--- RECORDED INFORMATION Enclosed Below ---

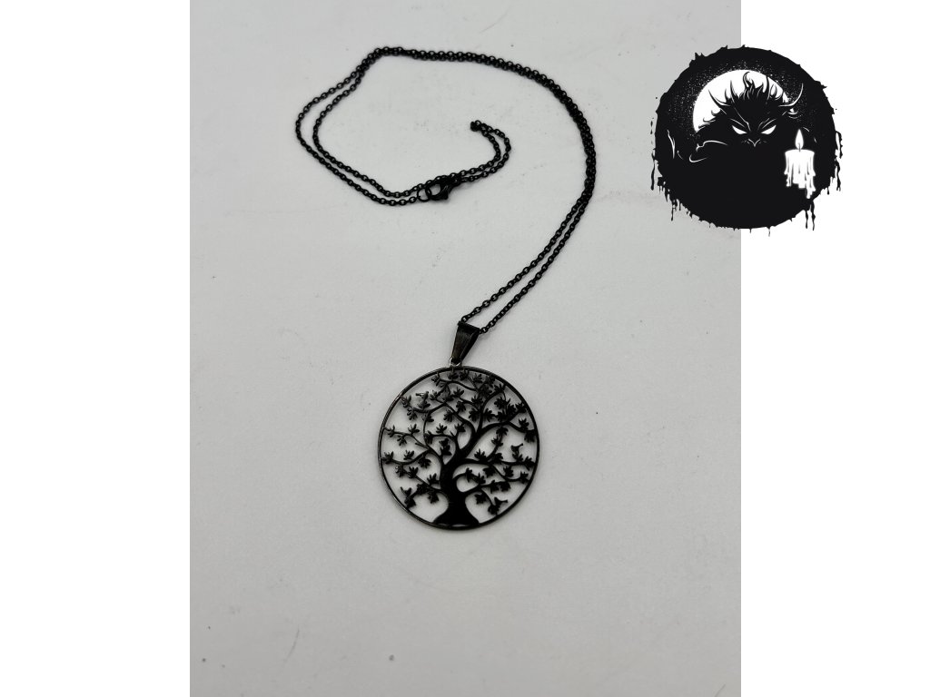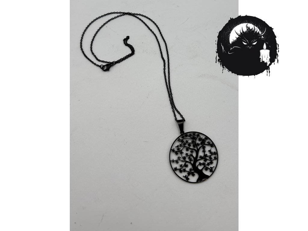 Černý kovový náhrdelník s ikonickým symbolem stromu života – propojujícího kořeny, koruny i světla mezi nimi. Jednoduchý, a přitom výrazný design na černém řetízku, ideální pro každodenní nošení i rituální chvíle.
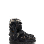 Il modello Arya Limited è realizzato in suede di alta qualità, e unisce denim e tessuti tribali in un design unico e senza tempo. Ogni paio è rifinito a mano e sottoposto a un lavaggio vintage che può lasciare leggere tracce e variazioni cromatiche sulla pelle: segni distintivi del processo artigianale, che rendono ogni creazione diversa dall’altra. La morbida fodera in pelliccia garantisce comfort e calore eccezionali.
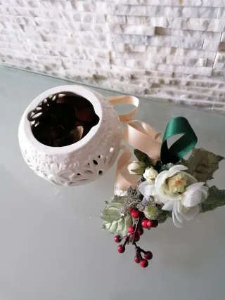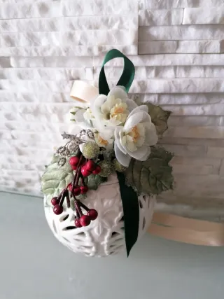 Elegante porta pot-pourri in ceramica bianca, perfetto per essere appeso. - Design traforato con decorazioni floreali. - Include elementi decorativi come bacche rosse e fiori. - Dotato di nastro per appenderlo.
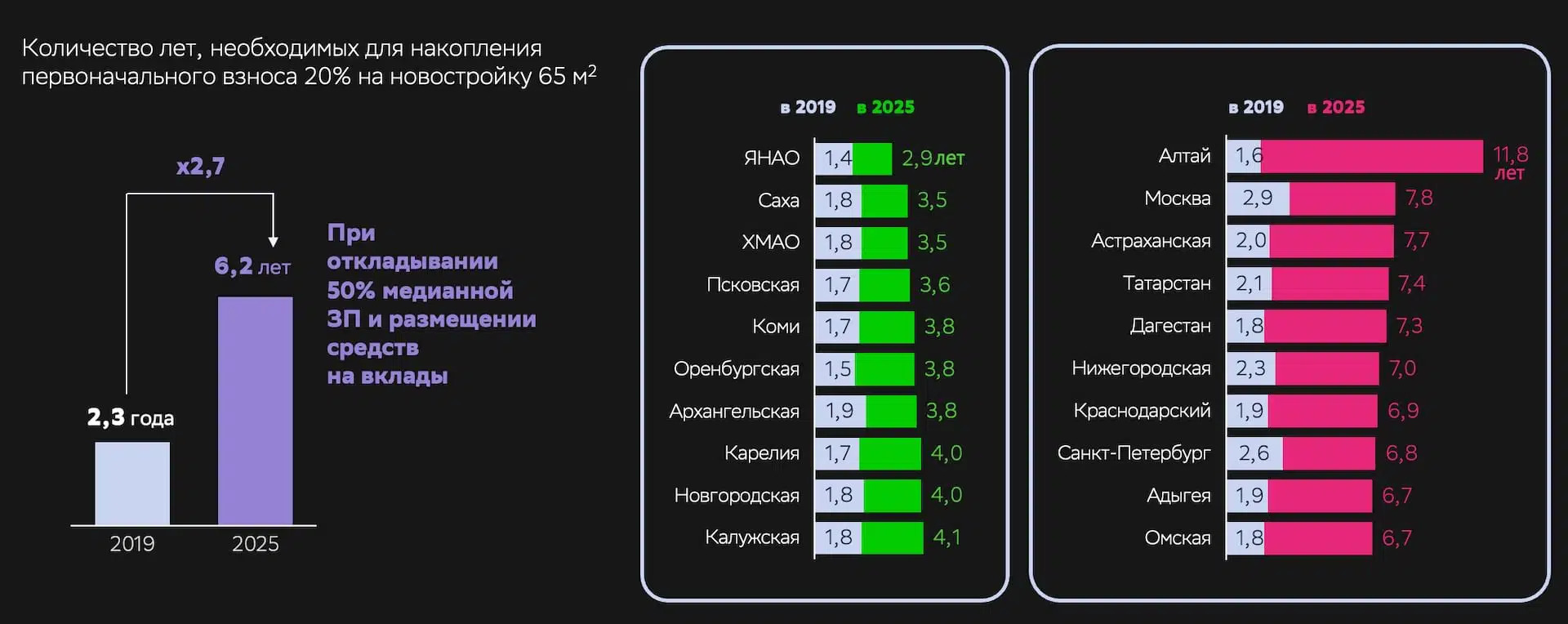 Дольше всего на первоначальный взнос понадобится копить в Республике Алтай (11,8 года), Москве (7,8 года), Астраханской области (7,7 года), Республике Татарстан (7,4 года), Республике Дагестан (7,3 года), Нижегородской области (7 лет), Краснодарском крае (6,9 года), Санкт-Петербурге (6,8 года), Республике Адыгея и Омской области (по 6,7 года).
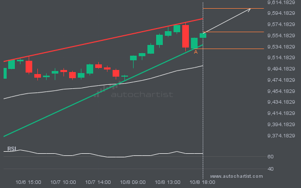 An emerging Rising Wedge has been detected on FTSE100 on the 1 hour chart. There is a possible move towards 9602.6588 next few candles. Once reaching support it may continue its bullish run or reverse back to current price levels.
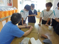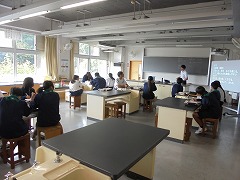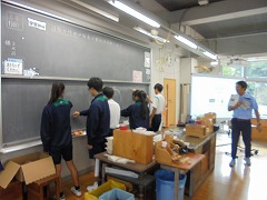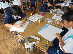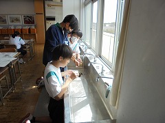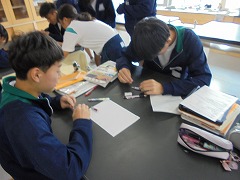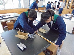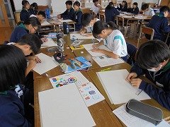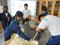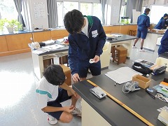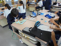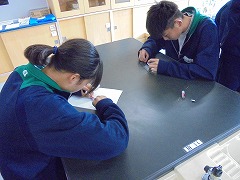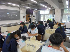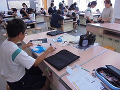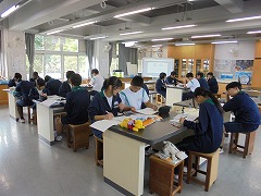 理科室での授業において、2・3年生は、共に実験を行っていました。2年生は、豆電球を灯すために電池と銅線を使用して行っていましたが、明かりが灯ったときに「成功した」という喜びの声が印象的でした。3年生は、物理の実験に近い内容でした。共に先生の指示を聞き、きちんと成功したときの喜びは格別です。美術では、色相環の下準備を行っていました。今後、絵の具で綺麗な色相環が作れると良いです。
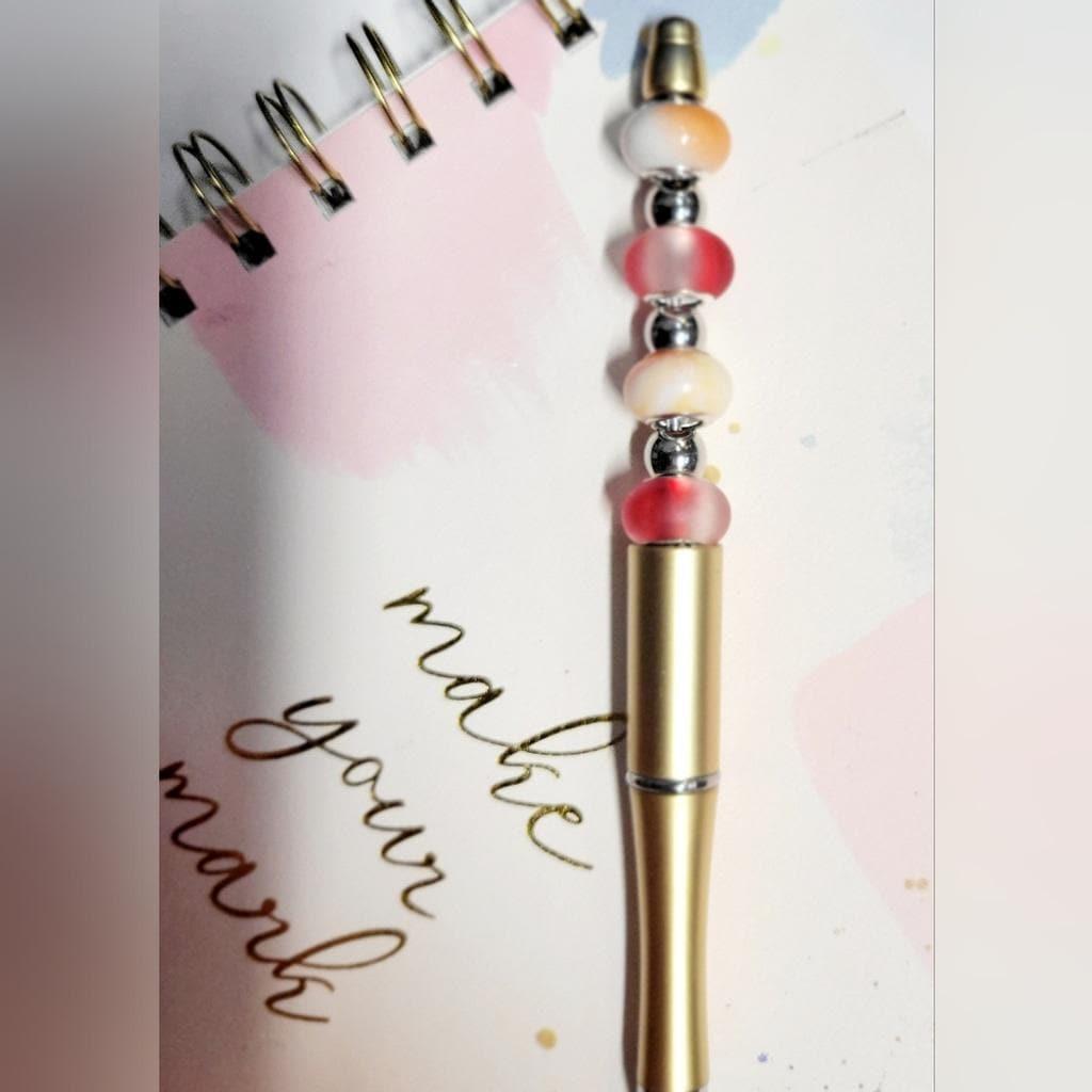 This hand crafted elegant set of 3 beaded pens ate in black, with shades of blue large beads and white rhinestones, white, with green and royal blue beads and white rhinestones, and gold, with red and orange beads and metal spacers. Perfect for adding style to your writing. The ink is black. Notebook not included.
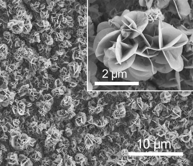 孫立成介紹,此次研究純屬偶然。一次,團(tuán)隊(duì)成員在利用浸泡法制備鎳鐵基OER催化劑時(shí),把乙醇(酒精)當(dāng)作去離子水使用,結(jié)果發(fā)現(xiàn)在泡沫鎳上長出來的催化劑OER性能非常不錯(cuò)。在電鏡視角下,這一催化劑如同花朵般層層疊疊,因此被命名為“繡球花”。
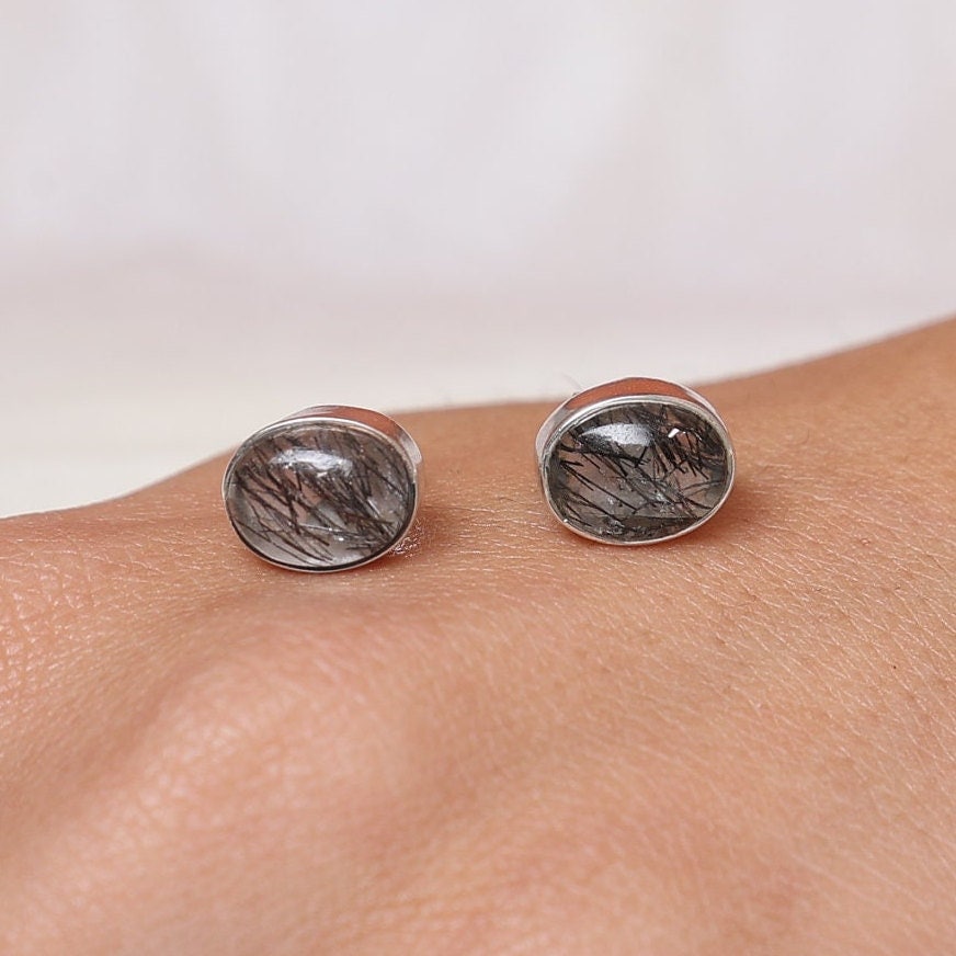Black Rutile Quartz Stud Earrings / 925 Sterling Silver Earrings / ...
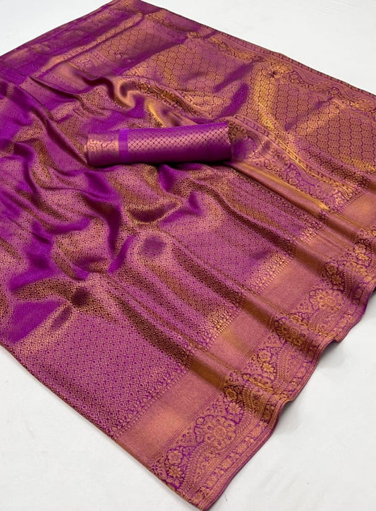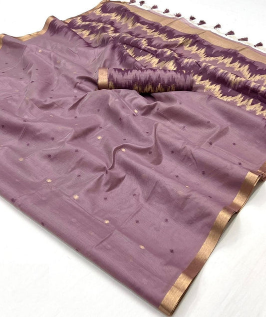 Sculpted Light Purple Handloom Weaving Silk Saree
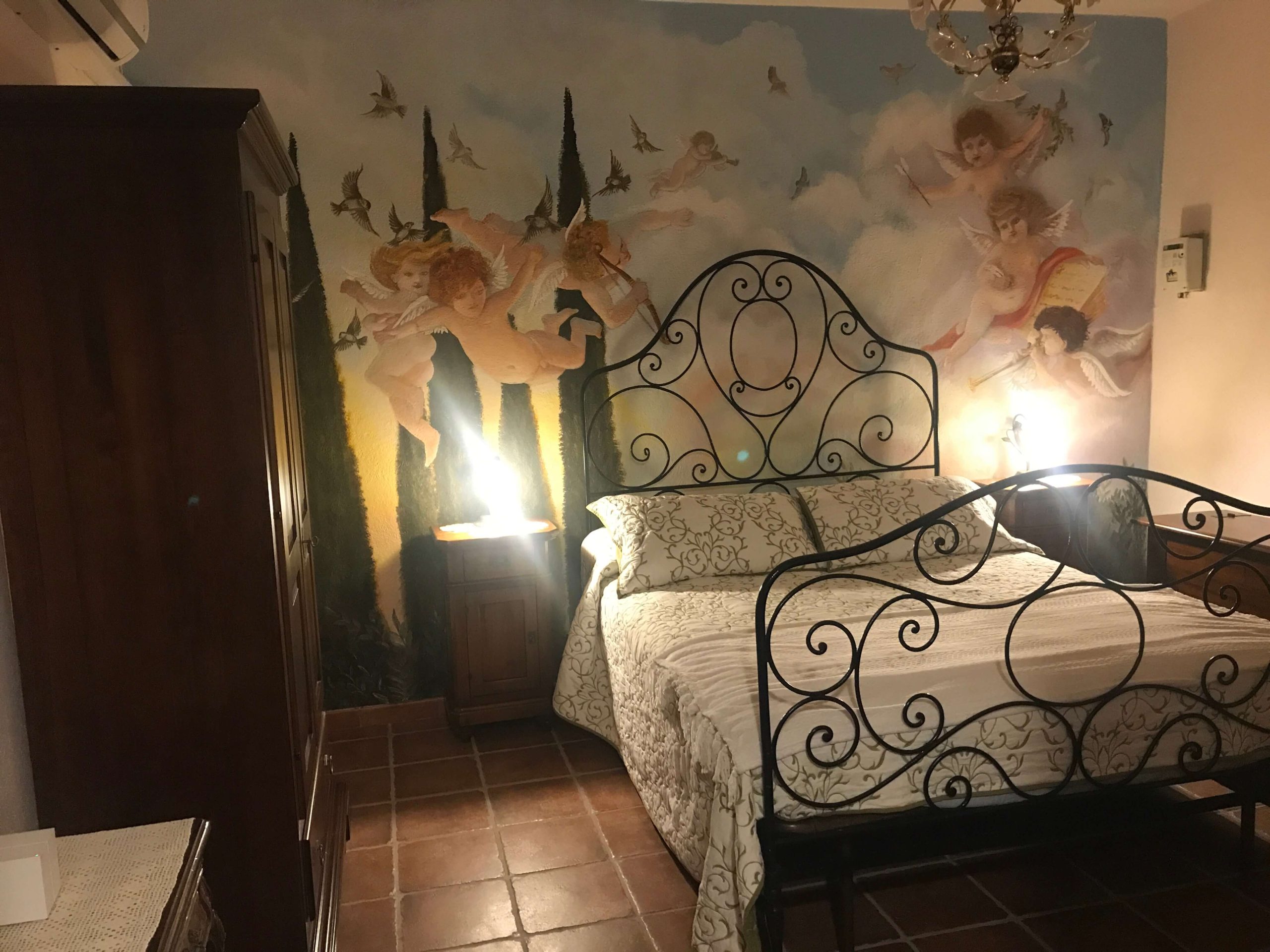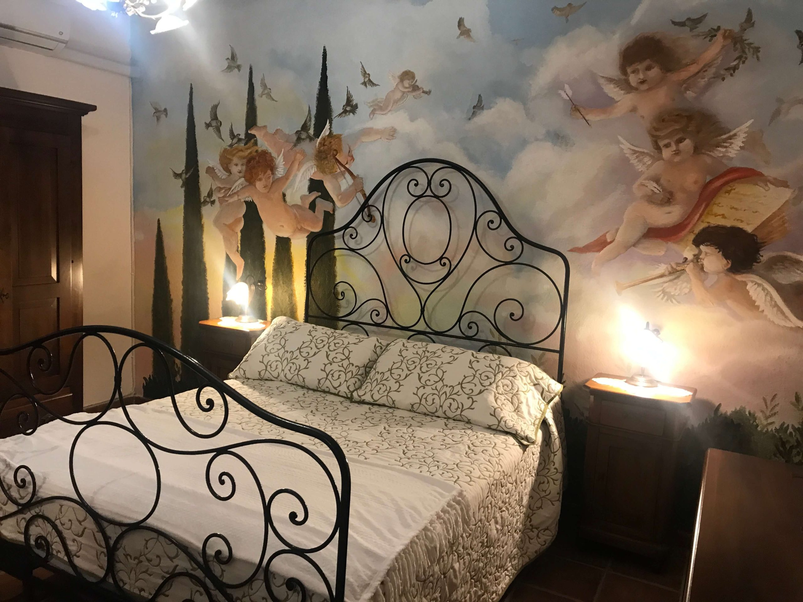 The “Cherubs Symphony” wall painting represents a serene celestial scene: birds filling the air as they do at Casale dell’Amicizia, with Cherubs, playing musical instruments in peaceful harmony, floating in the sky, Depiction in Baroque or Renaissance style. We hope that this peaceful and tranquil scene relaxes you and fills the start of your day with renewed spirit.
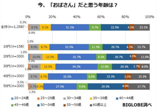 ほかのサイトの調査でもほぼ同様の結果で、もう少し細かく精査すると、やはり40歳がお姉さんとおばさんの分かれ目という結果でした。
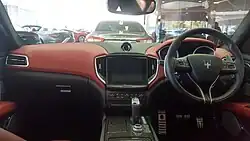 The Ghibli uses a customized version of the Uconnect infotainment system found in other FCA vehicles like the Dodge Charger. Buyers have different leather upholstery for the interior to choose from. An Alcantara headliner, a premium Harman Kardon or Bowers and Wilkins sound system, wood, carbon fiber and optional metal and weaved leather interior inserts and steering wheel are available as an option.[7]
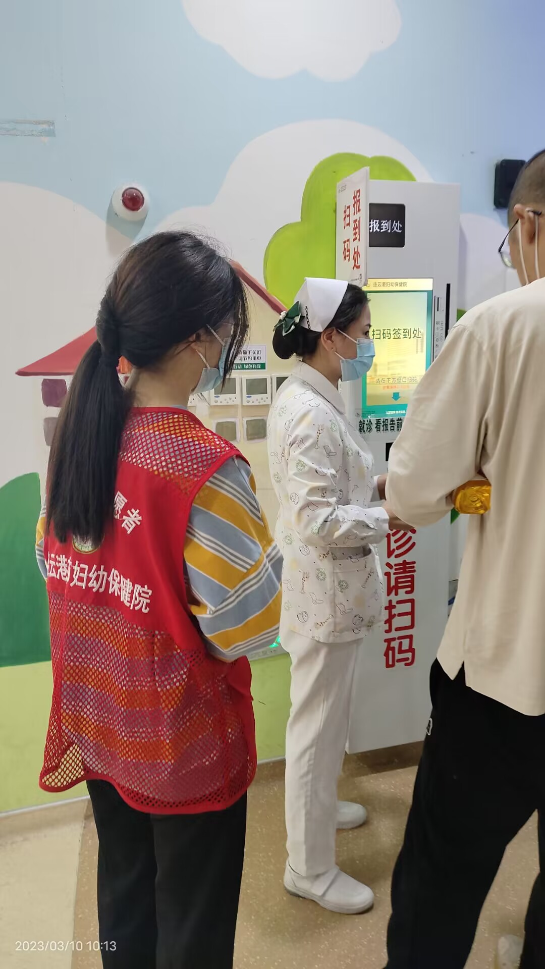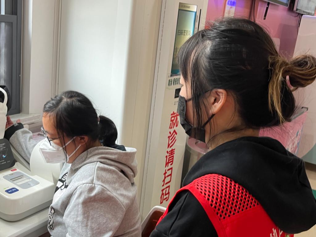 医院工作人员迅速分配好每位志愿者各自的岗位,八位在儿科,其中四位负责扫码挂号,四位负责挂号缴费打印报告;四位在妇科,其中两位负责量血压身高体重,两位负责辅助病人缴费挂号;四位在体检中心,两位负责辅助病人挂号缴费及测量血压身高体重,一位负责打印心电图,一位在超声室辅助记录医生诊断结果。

--- End of Enclosed RECORDED INFORMATION ---

_DIRECTIONS FOR THIS TASK_:
Pictures stay out of the copy; please restate every record above exactly.

_OUTPUT OF THE EXERCISE_:
 Černý kovový náhrdelník s ikonickým symbolem stromu života – propojujícího kořeny, koruny i světla mezi nimi. Jednoduchý, a přitom výrazný design na černém řetízku, ideální pro každodenní nošení i rituální chvíle.
 Il modello Arya Limited è realizzato in suede di alta qualità, e unisce denim e tessuti tribali in un design unico e senza tempo. Ogni paio è rifinito a mano e sottoposto a un lavaggio vintage che può lasciare leggere tracce e variazioni cromatiche sulla pelle: segni distintivi del processo artigianale, che rendono ogni creazione diversa dall’altra. La morbida fodera in pelliccia garantisce comfort e calore eccezionali.
 Elegante porta pot-pourri in ceramica bianca, perfetto per essere appeso. - Design traforato con decorazioni floreali. - Include elementi decorativi come bacche rosse e fiori. - Dotato di nastro per appenderlo.
 Дольше всего на первоначальный взнос понадобится копить в Республике Алтай (11,8 года), Москве (7,8 года), Астраханской области (7,7 года), Республике Татарстан (7,4 года), Республике Дагестан (7,3 года), Нижегородской области (7 лет), Краснодарском крае (6,9 года), Санкт-Петербурге (6,8 года), Республике Адыгея и Омской области (по 6,7 года).
 An emerging Rising Wedge has been detected on FTSE100 on the 1 hour chart. There is a possible move towards 9602.6588 next few candles. Once reaching support it may continue its bullish run or reverse back to current price levels.
 理科室での授業において、2・3年生は、共に実験を行っていました。2年生は、豆電球を灯すために電池と銅線を使用して行っていましたが、明かりが灯ったときに「成功した」という喜びの声が印象的でした。3年生は、物理の実験に近い内容でした。共に先生の指示を聞き、きちんと成功したときの喜びは格別です。美術では、色相環の下準備を行っていました。今後、絵の具で綺麗な色相環が作れると良いです。
 This hand crafted elegant set of 3 beaded pens ate in black, with shades of blue large beads and white rhinestones, white, with green and royal blue beads and white rhinestones, and gold, with red and orange beads and metal spacers. Perfect for adding style to your writing. The ink is black. Notebook not included.
 孫立成介紹,此次研究純屬偶然。一次,團(tuán)隊(duì)成員在利用浸泡法制備鎳鐵基OER催化劑時(shí),把乙醇(酒精)當(dāng)作去離子水使用,結(jié)果發(fā)現(xiàn)在泡沫鎳上長出來的催化劑OER性能非常不錯(cuò)。在電鏡視角下,這一催化劑如同花朵般層層疊疊,因此被命名為“繡球花”。
Black Rutile Quartz Stud Earrings / 925 Sterling Silver Earrings / ...
 Sculpted Light Purple Handloom Weaving Silk Saree
 The “Cherubs Symphony” wall painting represents a serene celestial scene: birds filling the air as they do at Casale dell’Amicizia, with Cherubs, playing musical instruments in peaceful harmony, floating in the sky, Depiction in Baroque or Renaissance style. We hope that this peaceful and tranquil scene relaxes you and fills the start of your day with renewed spirit.
 ほかのサイトの調査でもほぼ同様の結果で、もう少し細かく精査すると、やはり40歳がお姉さんとおばさんの分かれ目という結果でした。
 The Ghibli uses a customized version of the Uconnect infotainment system found in other FCA vehicles like the Dodge Charger. Buyers have different leather upholstery for the interior to choose from. An Alcantara headliner, a premium Harman Kardon or Bowers and Wilkins sound system, wood, carbon fiber and optional metal and weaved leather interior inserts and steering wheel are available as an option.[7]
 医院工作人员迅速分配好每位志愿者各自的岗位,八位在儿科,其中四位负责扫码挂号,四位负责挂号缴费打印报告;四位在妇科,其中两位负责量血压身高体重,两位负责辅助病人缴费挂号;四位在体检中心,两位负责辅助病人挂号缴费及测量血压身高体重,一位负责打印心电图,一位在超声室辅助记录医生诊断结果。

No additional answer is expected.